The article adds: “There are clearly neo-fascist and proto-fascist forces in the United States today, but there is little or no evidence that the capitalist class has turned to those forces for the purpose of destroying and replacing the institutions of bourgeois-democratic rule and crushing the working class.”

The president of the most powerful state in the world has been cultivating these fascist forces for years and had been threatening for months to invoke martial law to crush protests and set up a presidential dictatorship.

This response to Trump’s coup is consistent with the Argentine PTS’s 2020 Congress “Theses” and subsequent discussion.

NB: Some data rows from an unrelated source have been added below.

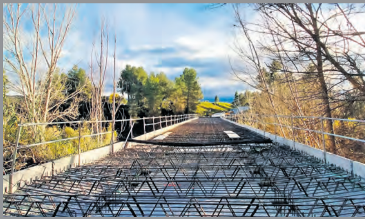
Estado de las obras del puente de Lledó sobre el río Algars.

Las obras del puente de Lledó sobre el río Algars continúan a buen ritmo, con la previsión de tenerlas acabadas a inicios de este mes de enero . Estos son los 'tempos' que mueve la empresa ejecutora del proyecto, Hormigones la Paz , y que suponen una inversión de 500.000 euros a cargo de la Diputación Provincial. Una actuación más que necesaria, sobre todo si tenemos en consideración que el puente era muy estrecho y actuaba como cuello de botella , entorpeciendo las comunicaciones entre Lledó y la vecina Terra Alta. La mejora de esta infraestructura ha supuesto el corte puntual de la
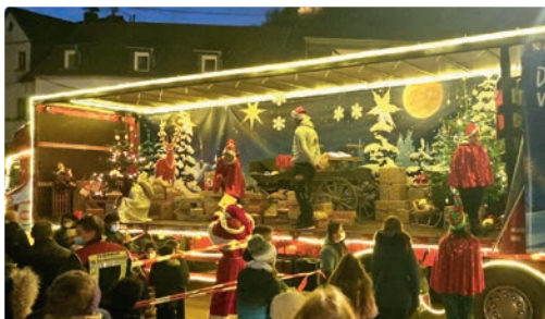
Geschenke werden an Kinder verteilt, natürlich alles im Rahmen der geltenden Corona-Maßnahmen.
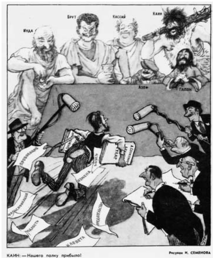
Карикатура журнала «Крокодил», №7, 1974 г.

Вечер того же дня он проводит в сельском домике Генриха Бёлля под Кельном.
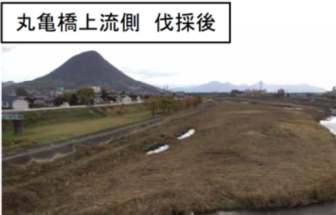
丸亀橋上流側 伐採後
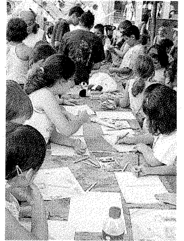
Niños en los talleres. ::

Hoy miércoles siguen las 'olimpiadas' de las txarangas con las pruebas del pecado original y la de cubos, a las 19.00 horas en la plaza, y ya por la noche, en el parque Marqués de Valdespina, el colectivo ermutarra Komite Internazionalistak nos trae al grupo percusionista africano 'Africa Baj Yai', a las 22.30 horas.
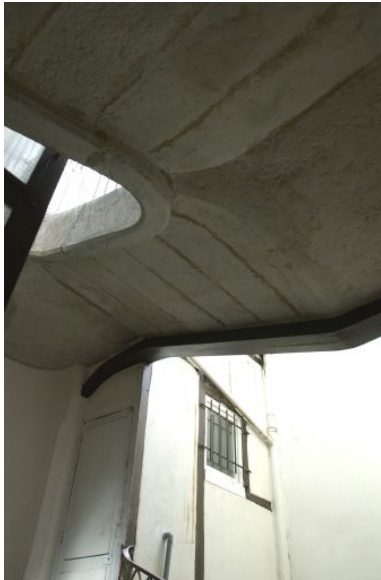
Escalier, vue du dessous des marches du cinquième étage IVR82_20036901401NUCA
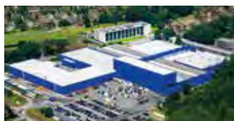
Hörmann KG Amshausen, Tyskland
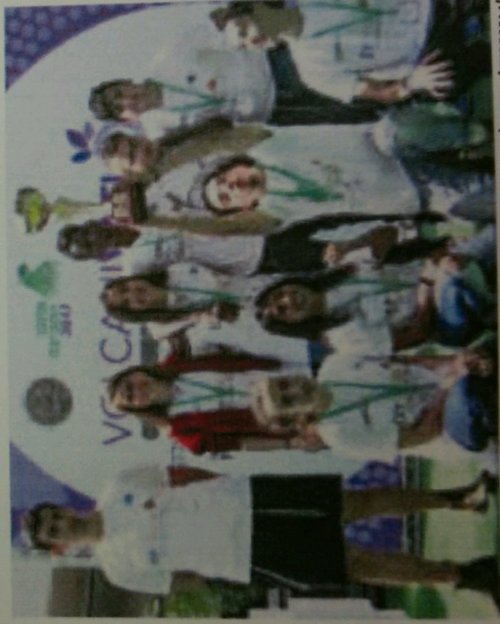
'עיינות' מצילים את הדבורים

התלמידים בלטו עם מיזם שפותח בשיתוף עמותת 'עתיד פלוס' להצללת דבורי הדבש, וזכו בפרס של 15 אלף שקל, מתנת חברת 'אדמה בע"מ'.
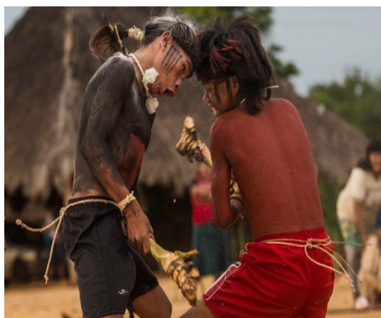
FIGURA 9: ói´ó (luta de raiz praticada na infância pelos meninos Xavante).
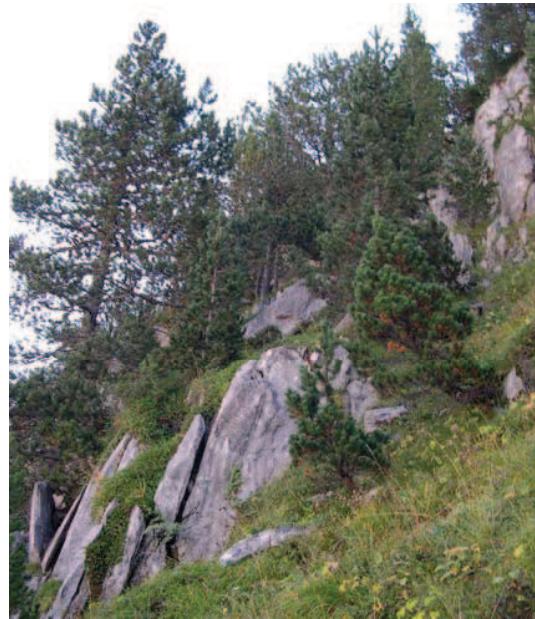
MARTIN D.- Pineriaie sur calcaire, Pouey Arraby
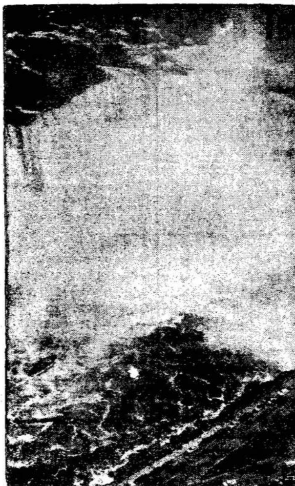
Niagaros Krioklio vaizdas, žiūrint iš stebėjimų bokšto.

Liaudies Balsas, 160 Claremont St., Toronto 3, Ont., Canada
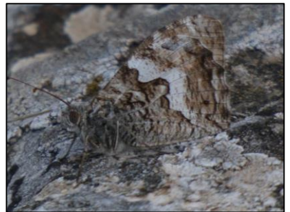
Agreste Hipparchia semele
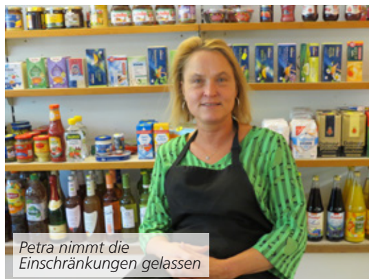
Petra nimmt die Einschränkungen gelassen

Was ist im Geschäft anstrengender geworden? Die Abstände halten, die Kunden auf die Abstände hinweisen, nach dem Kaffeetrinken den Tisch und alles

In a November 30 piece, the PTS ideologist and legislator Christian Castillo explains that the Argentine Morenoites view the political situation as “incipiently pre-revolutionary” with events that “pre-announce that we have major clashes between classes ahead.”

Not surprisingly, it follows that this “pre-suggests” the need to build a revolutionary party, but that for the time being they can continue their opportunist orientation to the Peronist government, parliamentarism and the trade unions. “The possibility opens for the development … of conditions for the emergence of a powerful workers, socialist and revolutionary party.” The PTS, Castillo adds, “bets it will be a key factor in the emergence of this party.”

For now, similar to how they muddled the bourgeois and reactionary character of the Democratic Party, Castillo insists that “the big bourgeoisie does not regard the Frente de Todos [Peronist government] as ‘its own’ government ...”

Fearing that events abroad might challenge this perspective, he wrote: “We do not believe that the categories of revolutionary and pre-revolutionary situations can be used at an international level … [The PTS resolution] defines the specificity of the Argentine situation and its prominent aspects as of today.”

This is an open repudiation of the program of world socialist revolution embodied in Marxism and Trotsky’s Theory of Permanent Revolution, at a time in which the global pandemic and economic crisis have demonstrated the incapacity of the ruling class and its political representatives, especially in the center of world finance and imperialism, to control the forces unleashed by the world economy.

Vladimir Lenin explained in a 1914 essay that the ruling class employs two general “methods of struggle against workers.” On the one hand, there is “violence, persecution, bans and suppression,” which the entire ruling class backs during “highly critical moments in the workers’ struggle against wage-slavery.” On the other hand, in keeping with the democratic system, the ruling class employs “utmost cunning, with ruses and subterfuges aimed at spreading the ‘ideological’ influence of the bourgeoisie among the wage-slaves with the object of diverting them from their struggle against wage-slavery.”

As the crucial experience of Trump’s coup has demonstrated, in order to fight the threat of dictatorship, workers and youth in the United States, Argentina and internationally must oppose the agents of the ruling class seeking to disarm them politically. This includes the Morenoites, whose politics reflect the interests of upper middle class layers that seek greater privileges in academia, the trade unions and politics by employing such “ruses and subterfuges” against the workers.

The ICFI, which publishes the World Socialist Web Site, is the only political force that has consistently warned of the dangers represented by the Republican coup plotting and the soporifics of the Democrats and their hangers-on. The urgent conclusion that must be drawn is that the ICFI needs to be built in every country to lead a mass revolutionary political movement in the working class fighting for socialism.